If the GETATTR and the delegation owner come from the same client then
we just reply to the GETATTR without sending CB_GETATTR.

>
> And since those nfsd threads are shared by all clients, all of the
> server's clients would see long delays because there would be no
> available nfsd threads to pick up new work.
>
>
>>>>> Is there some way the operation that triggered the CB_GETATTR can be
>>>>> deferred properly and picked up by another nfsd thread when the
>>>>> CB_GETATTR completes?
>>>> We can send the CB_GETATTR as an async RPC and return NFS4ERR_DELAY
>>>> to the conflict client. When the reply of the CB_GETATTR arrives,
>>>> nfsd4_cb_getattr_done can mark the delegation to indicate the
>>>> corresponding file's attributes were updated so when the conflict
>>>> client retries the GETATTR we can return the updated attributes.
>>>>
>>>> We still have to have a way to detect that the client never, or
>>>> take too long, to reply to the CB_GETATTR so that we can break
>>>> the lease.
>>> As long as the RPC is SOFT, the RPC client is supposed to guarantee
>>> that the upper layer gets a completion of some kind.

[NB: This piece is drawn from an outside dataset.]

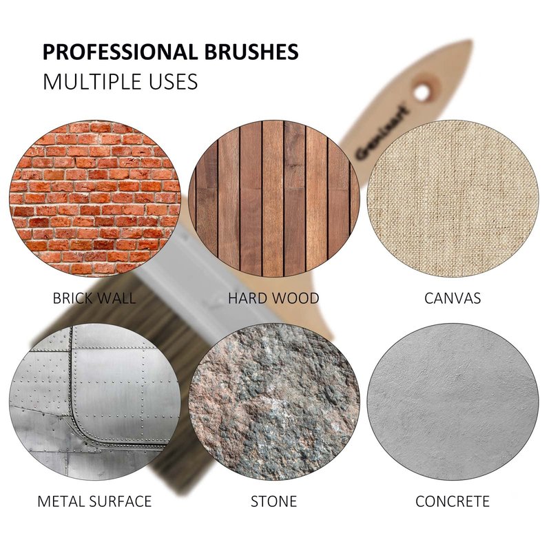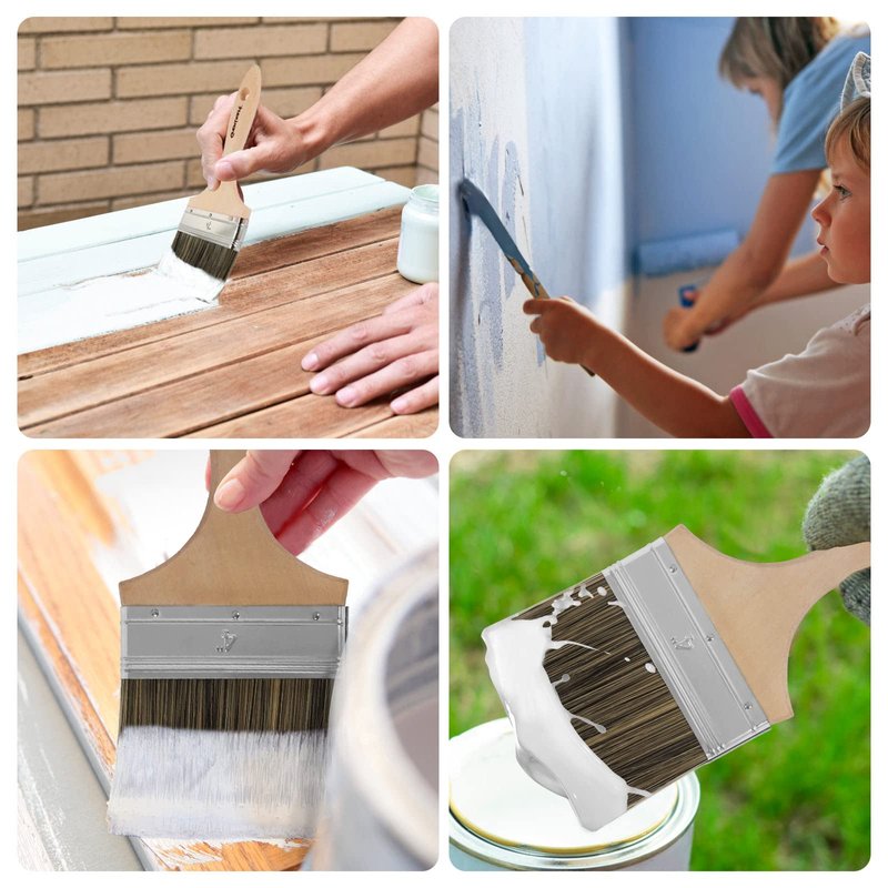 - š¦ćWide Practical UsećOur great value multi-purpose wall paint brushes can be worked with most kinds of oil & water-based paints, stains, polyurethane, gloss, emuls, latex, resin, wallpaper paste, adhesive glue, or primer paints. Good choice for paint application on windows, doors, furniture, wooden fences, metal decks, walls and ceilings. These multifunctional household polyester bristle paint brushes are ideal for home DIY.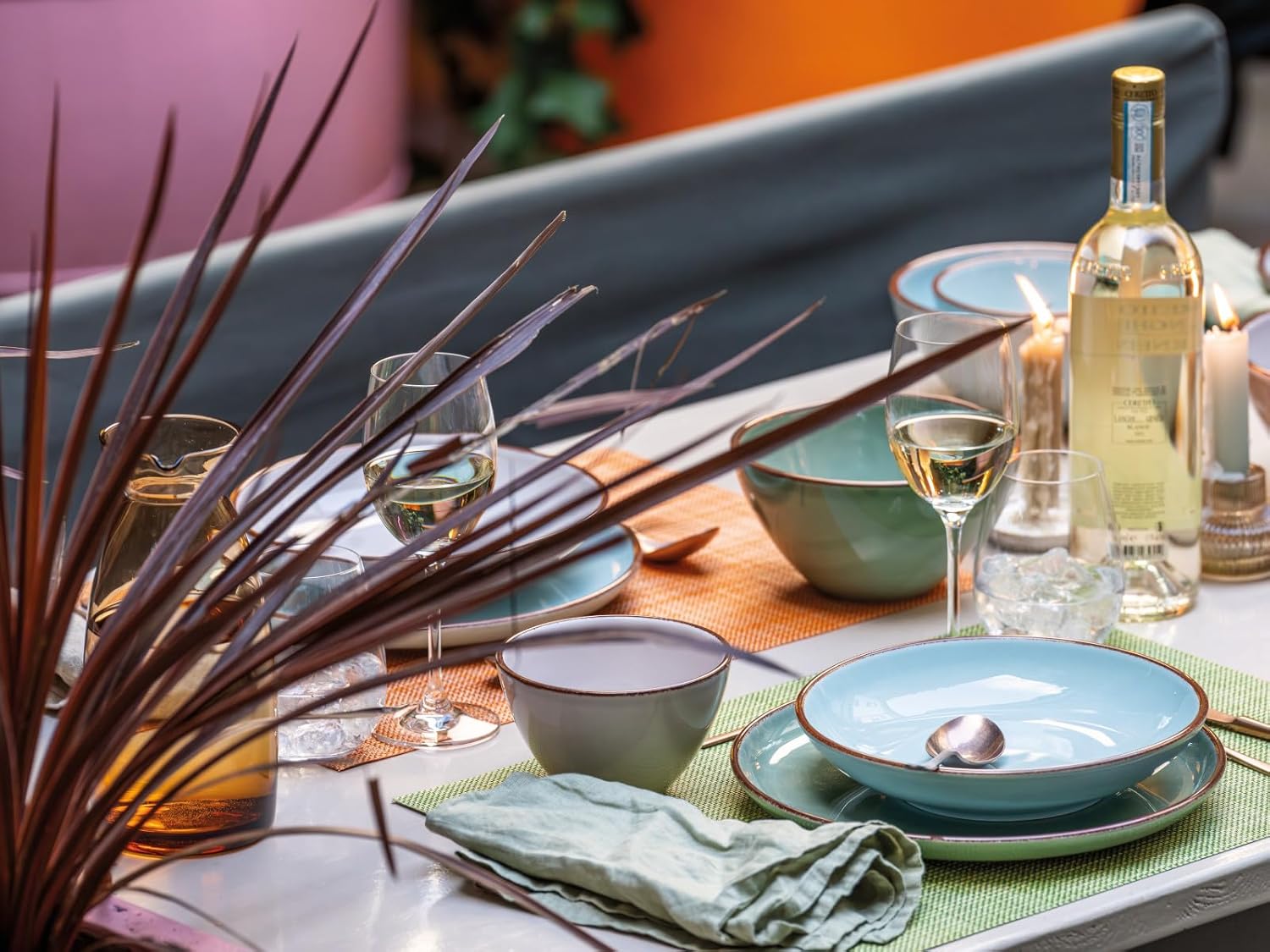 A design for relaxed hours and casual places. Plates and bowls are decorated in delicate pastel colours. Hand-painted striped border in chestnut colour gives the porcelain items a high-quality and artisanal effect. The series is the protagonis for sharing dishes and presents finger food casually elegant.

If it's HARD
>>> then it should fully interruptible by a signal or shutdown.
>> This is only true if the workqueue worker runs and executes the work
>> item successfully. If the work item is stuck at the workqueue then RPC
>> is not involved. NFSD must handle the case where the work item is
>> never executed for any reasons.
> The queue_work() API guarantees that the work item will be
> dispatched. A lot of kernel subsystems would be in a world of pain
> if that guarantee was broken somehow.
>
> So I don't agree that NFSD needs to do anything special here when
> queue_work() returns true.
>
> The only reason I can think of that queue_work() might return false
> is if NFSD hands it a work item that is already queued. That would
> be a bug in NFSD.

Jeff, when __break_lease is called with 'want_write' then FL_UNLOCK_PENDING
is checked to prevent lm_break being called again. When __break_lease is
called with '!want_write' then lease_breaking is called to prevent lm_break
being called again. This would work for NFSD if it supports read delegation
only. With write delegation, shouldn't __break_lease() always use
lease_breaking to prevent __being called again? The scenario is read request
conflicts with write delegation then another write request conflicts with
the same write delegation.

>
>>> Either way, if NFSD can manage to reliably detect when the CB RPC
>>> has not even been scheduled, then that gives us a fully dependable
>>> guarantee.
>> Once the async CB RPC was passed to the RPC layer via rpc_run_task,
>> I can't see any sure way to know when the RPC task will be picked up
>> and run. Until the RPC task is run, the RPC time out mechanism is not
>> in play. To handle this condition, I think a timeout mechanism is
>> needed at the NFSD layer, any other options?
> The only reason you think a timeout is needed is because you want
> the nfsd thread to wait for the reply. That's just not how NFSD
> handles NFSv4 callbacks.
>
> The current architecture is that NFSD queues the callback and then
> replies NFS4ERR_DELAY. That nfsd thread is then free to pick up
> other work, including handling the client's retry.
>
> It doesn't matter how long it takes for the callback work item to go
> from the work queue down to the RPC layer, as long as a subsequent
> server shutdown does not hang. Either the client will reply to the
> callback, or the server will see that there was no response and
> revoke the delegation.
>
> (Note that we have nfsd_wait_for_delegreturn() now: it does wait
> uninterruptibly in an nfsd thread context, but only for 30
> milliseconds. The point of this is to give a well-behaved client
> a chance to respond without returning NFS4ERR_DELAY -- if the
> client doesn't respond, then it falls back to the architecture
> outlined above.)

The wait in nfsd4_deleg_getattr_conflict can be modified to do
the same as nfsd_wait_for_delegreturn which is wait for only 30ms
to work with well-behaved clients.

>
>
>>>> Also, the intention of the wait_on_bit is to avoid sending the
>>>> conflict client the NFS4ERR_DELAY if everything works properly
>>>> which is the normal case.
>>>>
>>>> So I think this can be done but it would make the code a bit
>>>> complicate and we loose the optimization of avoiding the
>>>> NFS4ERR_DELAY.
>>> I'm not excited about handling this via DELAY either. There's a
>>> good chance there is another way to deal with this sanely.
>>>
>>> I'm inclined to revert CB_GETATTR support until it is demonstrated
>>> to be working reliably. The current mechanism has already shown to
>>> be prone to a hard hang that blocks server shutdown, and it's not
>>> even in the wild yet.
>> If I understand the problem correctly, this hard hang issue is due to
>> the work item being stuck at the workqueue which the current code does
>> not take into account.
> The hard hang was because of an uninterruptible wait_on_bit().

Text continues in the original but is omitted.